:: Action item ::
From the material below, set down exactly the lines that run from the one containing "苹纳莎 短袖T恤女韩版宽松2020夏季新款时尚个性中长款亮闪闪上衣大码女装打底衣服潮 桔色" to the one containing "Beautiful, remodeled and", minus the pictures.

:: Material for the task ::
-- -- --

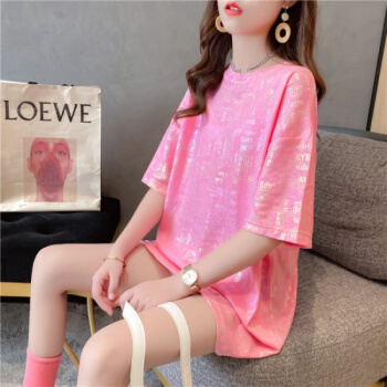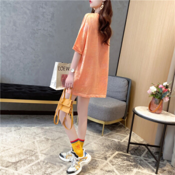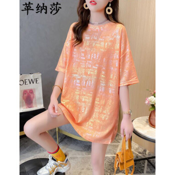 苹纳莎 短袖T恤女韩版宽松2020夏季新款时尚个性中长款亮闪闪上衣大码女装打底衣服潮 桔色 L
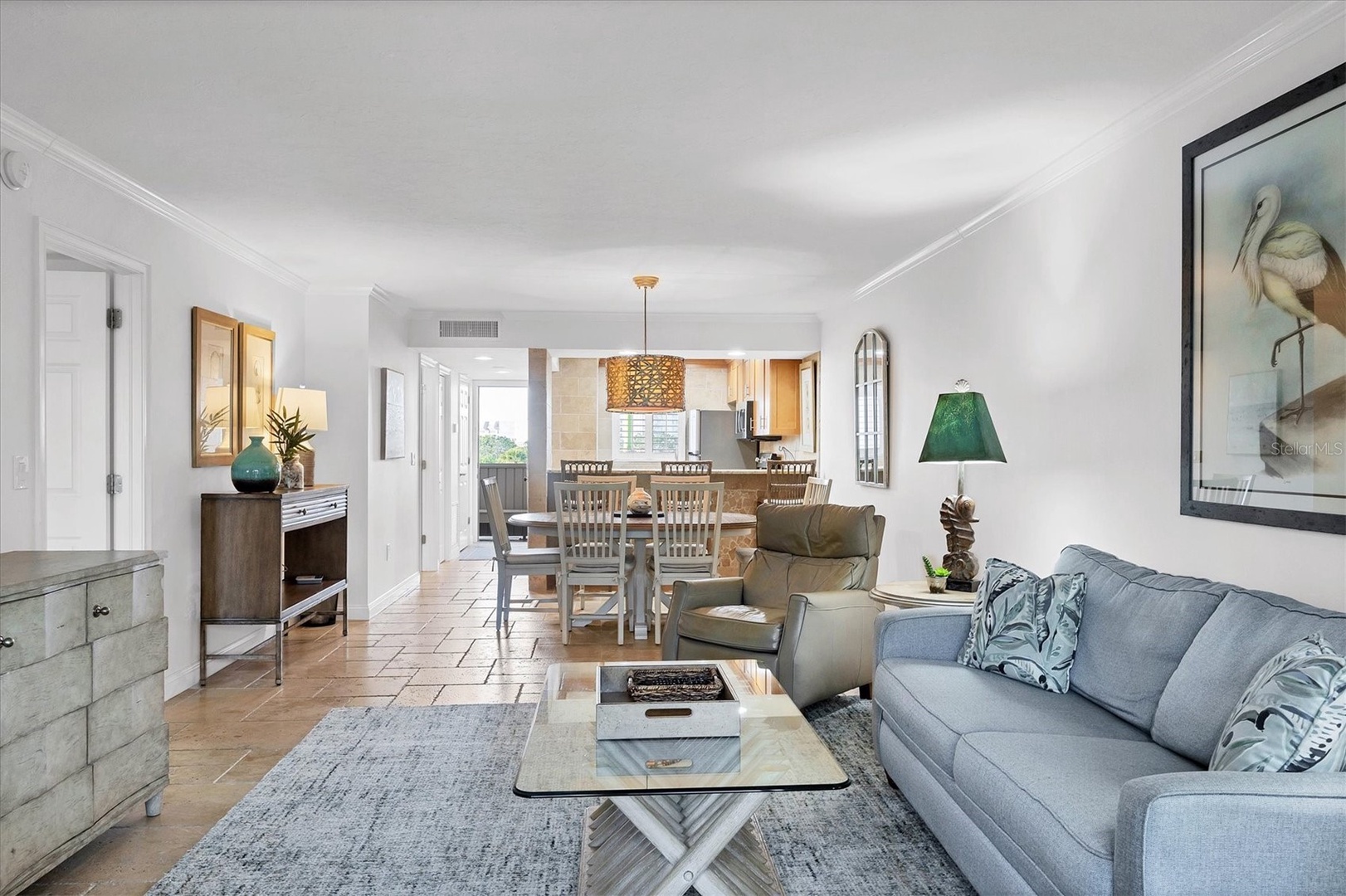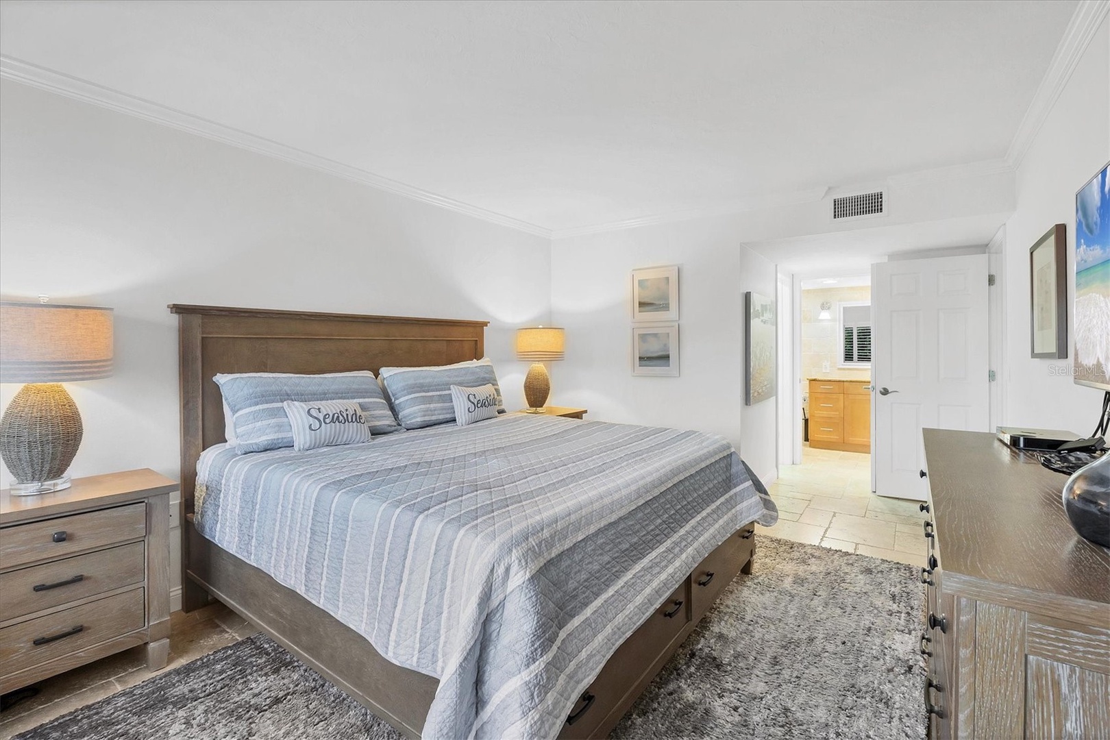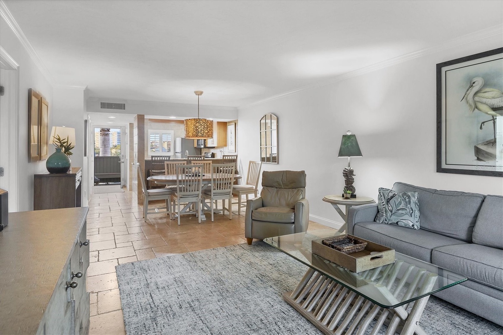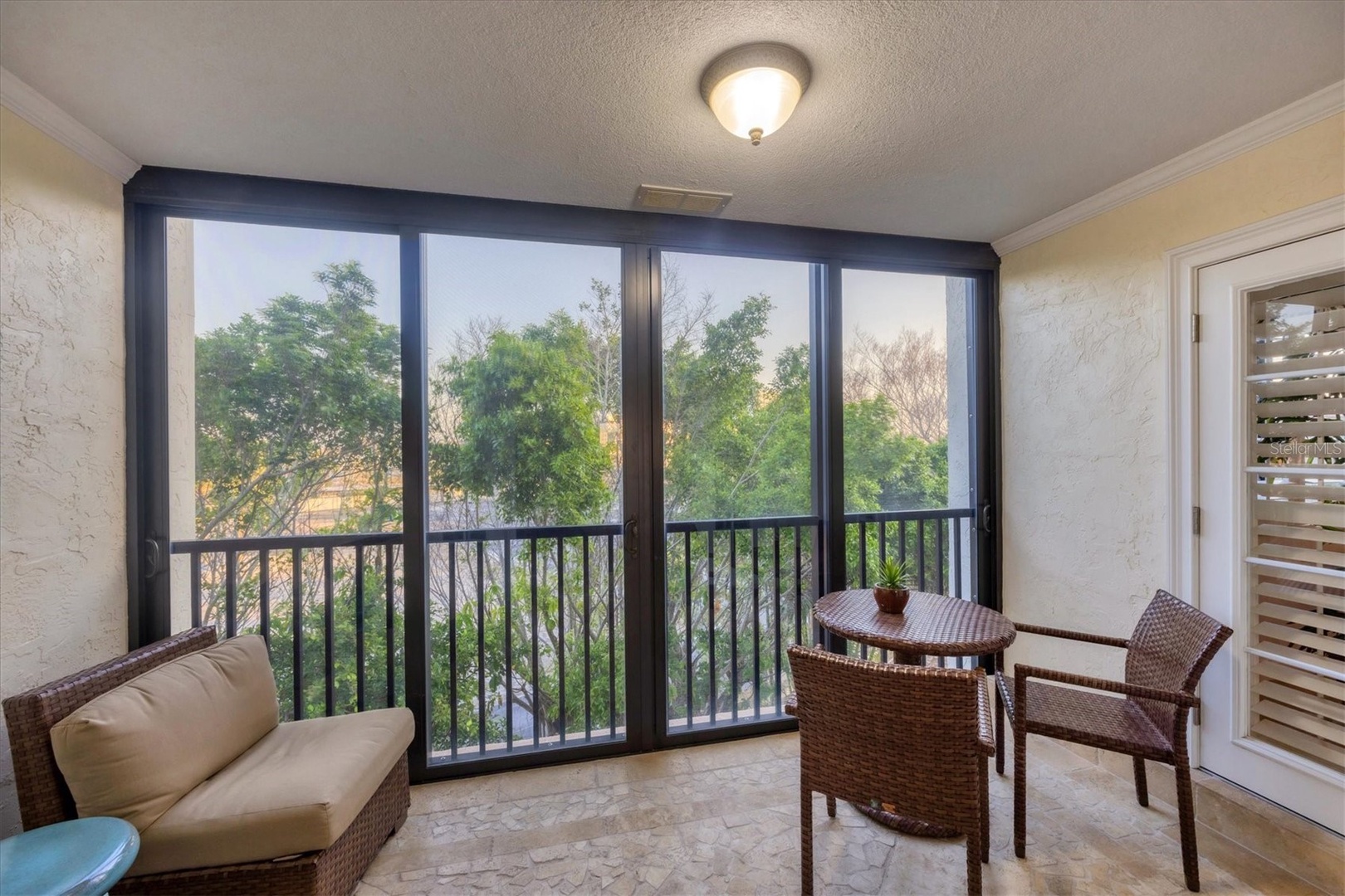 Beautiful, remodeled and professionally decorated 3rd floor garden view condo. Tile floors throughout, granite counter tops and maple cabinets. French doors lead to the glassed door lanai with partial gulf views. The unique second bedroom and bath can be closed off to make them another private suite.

-- -- --

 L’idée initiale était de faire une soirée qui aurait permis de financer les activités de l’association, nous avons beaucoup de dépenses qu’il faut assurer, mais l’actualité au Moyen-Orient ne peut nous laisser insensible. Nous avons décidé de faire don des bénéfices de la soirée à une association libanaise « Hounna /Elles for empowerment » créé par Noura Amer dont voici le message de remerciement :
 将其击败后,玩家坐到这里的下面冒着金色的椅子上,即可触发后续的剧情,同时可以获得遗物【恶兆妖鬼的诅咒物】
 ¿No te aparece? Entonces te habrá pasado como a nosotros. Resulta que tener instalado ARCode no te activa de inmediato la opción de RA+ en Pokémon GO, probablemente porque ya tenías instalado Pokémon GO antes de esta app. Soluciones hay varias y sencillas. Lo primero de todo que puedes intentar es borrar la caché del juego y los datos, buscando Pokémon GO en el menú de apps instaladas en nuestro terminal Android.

-- -- --

:: Answer space ::
 苹纳莎 短袖T恤女韩版宽松2020夏季新款时尚个性中长款亮闪闪上衣大码女装打底衣服潮 桔色 L
 Beautiful, remodeled and professionally decorated 3rd floor garden view condo. Tile floors throughout, granite counter tops and maple cabinets. French doors lead to the glassed door lanai with partial gulf views. The unique second bedroom and bath can be closed off to make them another private suite.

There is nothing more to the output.